Um zu einer Koordination unter militanten Gruppen zu kommen, müssen wir unsere Politik inhaltlich-praktisch aufeinander aufbauen. Das geht natürlich nur, wenn sich die Gruppen in eine nachvollziehbare Kontinuität begeben. D.h., u.a. von der ständig wechselnden Namensgebung Abstand zu nehmen und über eine Namenskontinuität nach und nach eine politische Linie zu formulieren und für andere diskutierbar und unterstützbar zu machen.

Wir kennen natürlich die Gründe, die in der autonomen Linken gegen einen "Markennamen" herangeführt wurden und werden. Diese namentliche Diskontinuität korrespondierte unseres Erachtens mit einer thematischen. Oft wurde und wird bezugslos punktuell militant agiert, ohne politisch-praktisch nachzusetzen und Brücken zu vergangenen Kampfprozessen zuschlagen. Wir kennen das aus unserer eigenen langjährigen militanten Praxis. Deshalb haben wir uns auch entschlossen, unsere militante Politik in einen kontinuierlichen inhaltlichen und praktischen Rahmen zu stellen.

Zudem ist festzustellen, dass die "no name-Variante" für alle Politikfelder der autonomen "Szene", ob klandestin oder nicht, charakteristisch ist (mit wenigen Ausnahmen wie die autonome lupus- oder afrika-Gruppe). Diese oft als "Programm" ausgegebene Variante war dann nur der äußere Ausdruck einer strukturell angelegten politischen Diskontinuität und Kurzlebigkeit vieler autonomer Zusammenhänge.

Der potentiell größer werdende Repressionsdruck ist ein nicht leugbarer Effekt einer Namenskontinuität; es ist eine politische Entscheidung einer Gruppe, ob sie sich aufgrund ihrer (Grenz-)Erfahrungen für diesen Schritt entschließt oder nicht. Es geht dabei nicht um vermeintliche Reputationsgewinne, die mensch mit einem "Markennamen" erzielt, sondern um bessere Ausgangsbedingungen, um einen komplexen Aufbauprozeß der revolutionären Linken in der BRD zu befördern.

Liebe GenossInnen, aus dem bisher geschilderten wird Euch nicht entgangen sein, dass wir Eure Entscheidung "vorübergehend ohne anschließende erklärung zu agieren" für politisch fatal halten. Die Vermittlung der politischen Zielsetzung einer militanten Aktion verlangt eine Erklärung - ob mit oder ohne Namenskontinuität. Die Vermittlungsebene per Erklärung komplett wegfallen zu lassen, bedeutet 50% der Aktion nicht umzusetzen. Wenn Vermittlungsprobleme aufgetreten sind, dann müssen doch eher Überlegungen her, wie diese zu beheben sind und nicht, diese einfach aus dem Aktionsvorgang zu streichen.

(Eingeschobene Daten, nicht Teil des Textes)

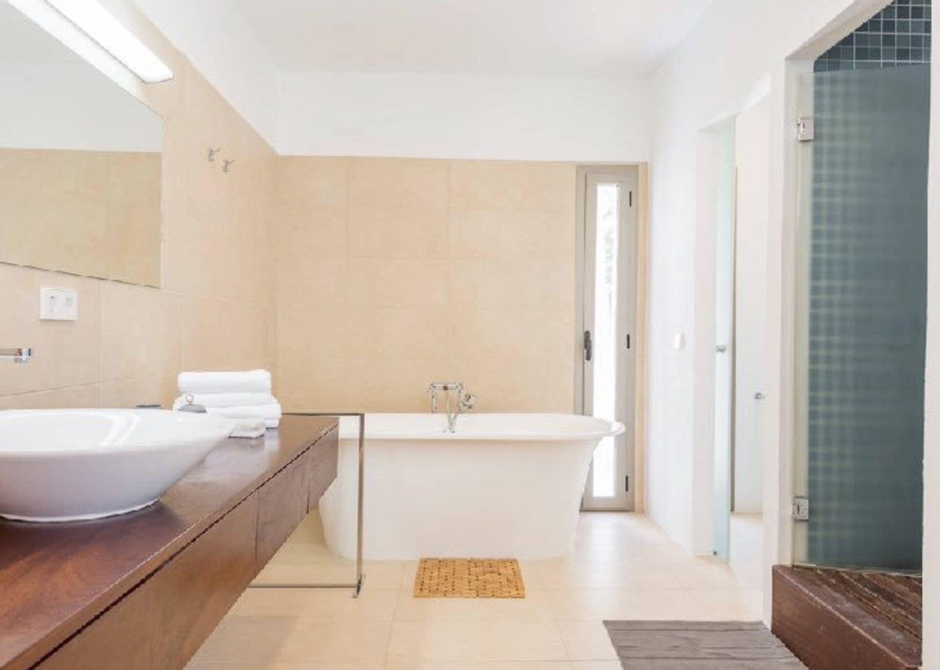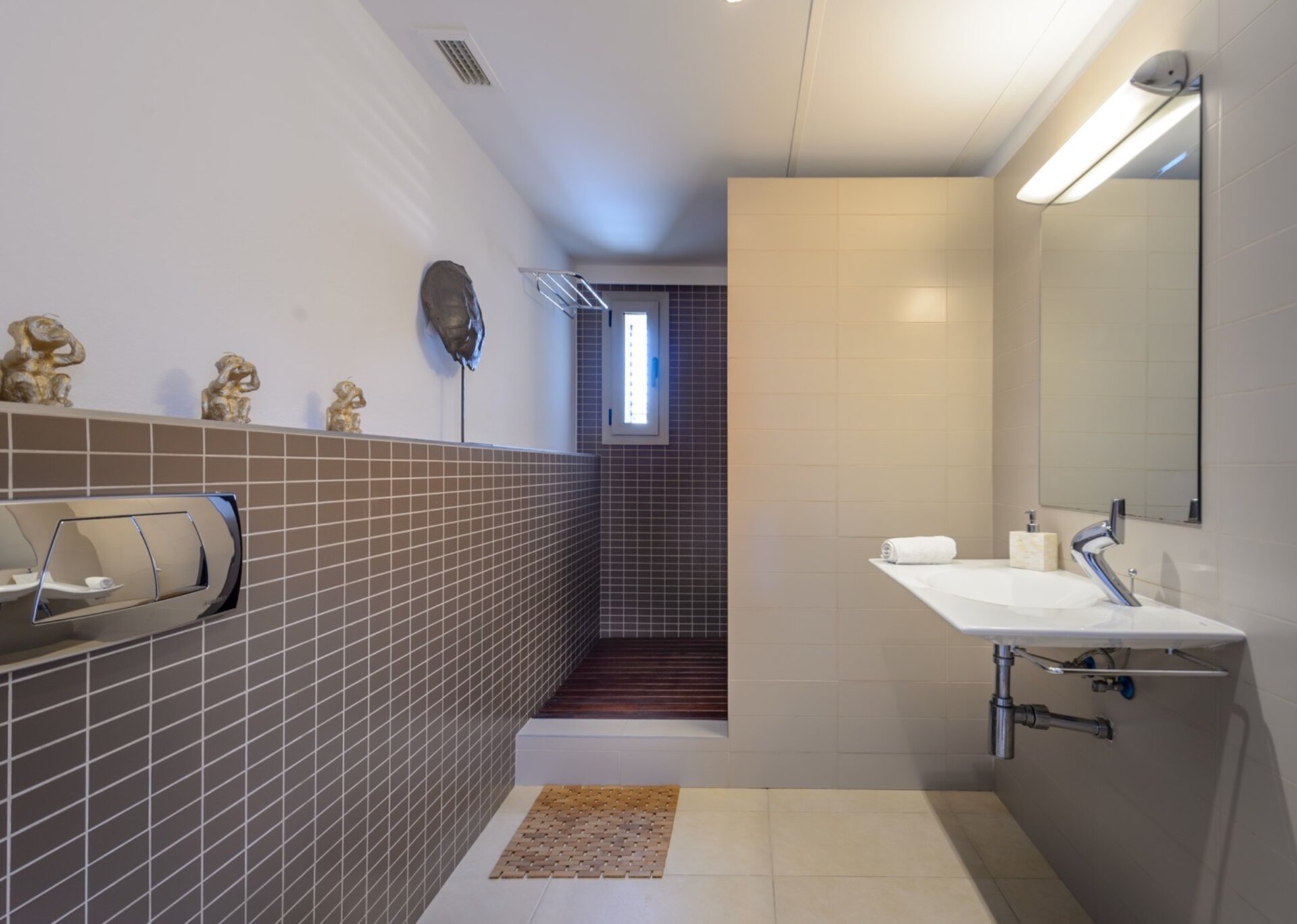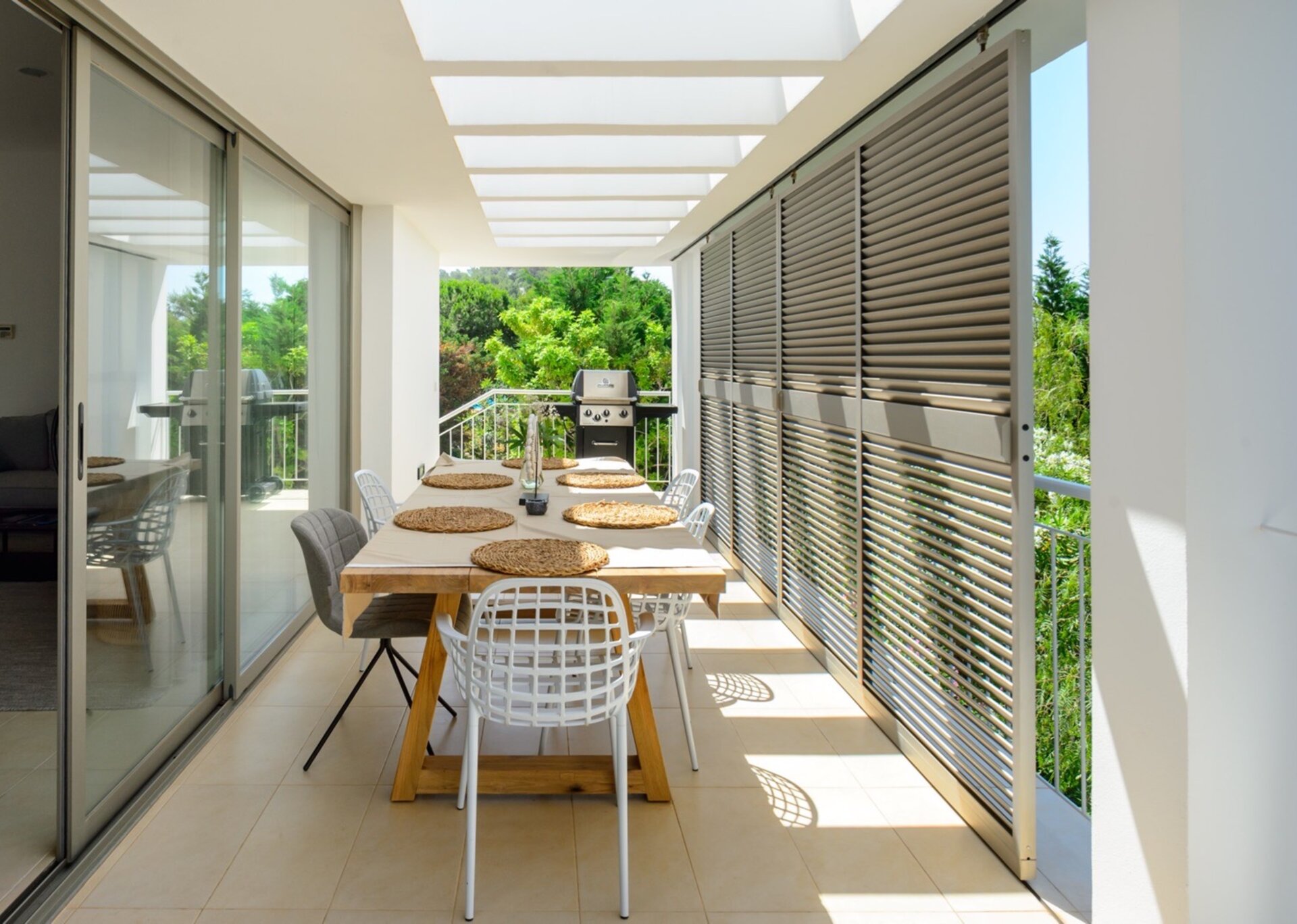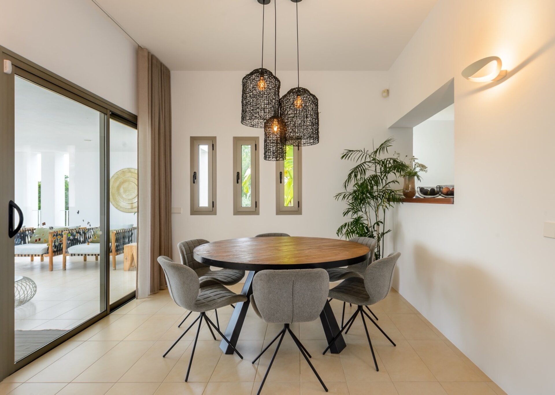The main house spans 400 square meters and accommodates 5 bedrooms, 6 bathrooms, an open-plan fully equipped kitchen, a cozy living room, and a dining room with picturesque views.

Klar, dass sich unsere gewählten Aktionsformen nach Möglichkeit immer selbst vermitteln sollen. Hier treffen wir aber auf Grenzen, denn nicht jeder militante Angriff - für sich allein stehend - kann unmittelbar in einen inhaltlichen Kontext gebracht werden. Und hier kommt die Erläuterung in Form eines Textes ins Spiel. Bei Anti-Castor-Aktionen war dies auch ohne Erklärung zum Teil der Fall. Allerdings haben Erklärungen immer auch die Aufgabe, zumindest innerlinke Diskussionen zu fördern und weitere Gedankengänge zu einer Thematik hinzuzufügen.

3.) "ob es von uns hier zu einer steigerung der mittel kommt, hängt auch davon ab, ob wir damit völlig isoliert wären oder nicht."

Diese Aussage steht doch in einem gewissen Kontrast zu der "vorübergehend ohne anschließende erklärung zu agieren."

Eine Debatte um die "Wahl der Mittel" flackert periodisch innerhalb der radikalen Linken auf, ohne dass konzentriert und langfristig nach gemeinsamen und unterschiedlichen Positionen darüber gerungen worden wäre. Wir nehmen uns hier logischerweise nicht aus, sondern erklären uns diese mangelnde Konzentration in der Diskussion u.a. mit der mangelnden Kontinuität von militanten Gruppenstrukturen. Es ist klar, dass kurzlebige oder sporadisch militant agierende Zusammenhänge keine intensiven gruppeninternen Diskussionen führen können und werden, die dann auch noch nach außen transportiert werden.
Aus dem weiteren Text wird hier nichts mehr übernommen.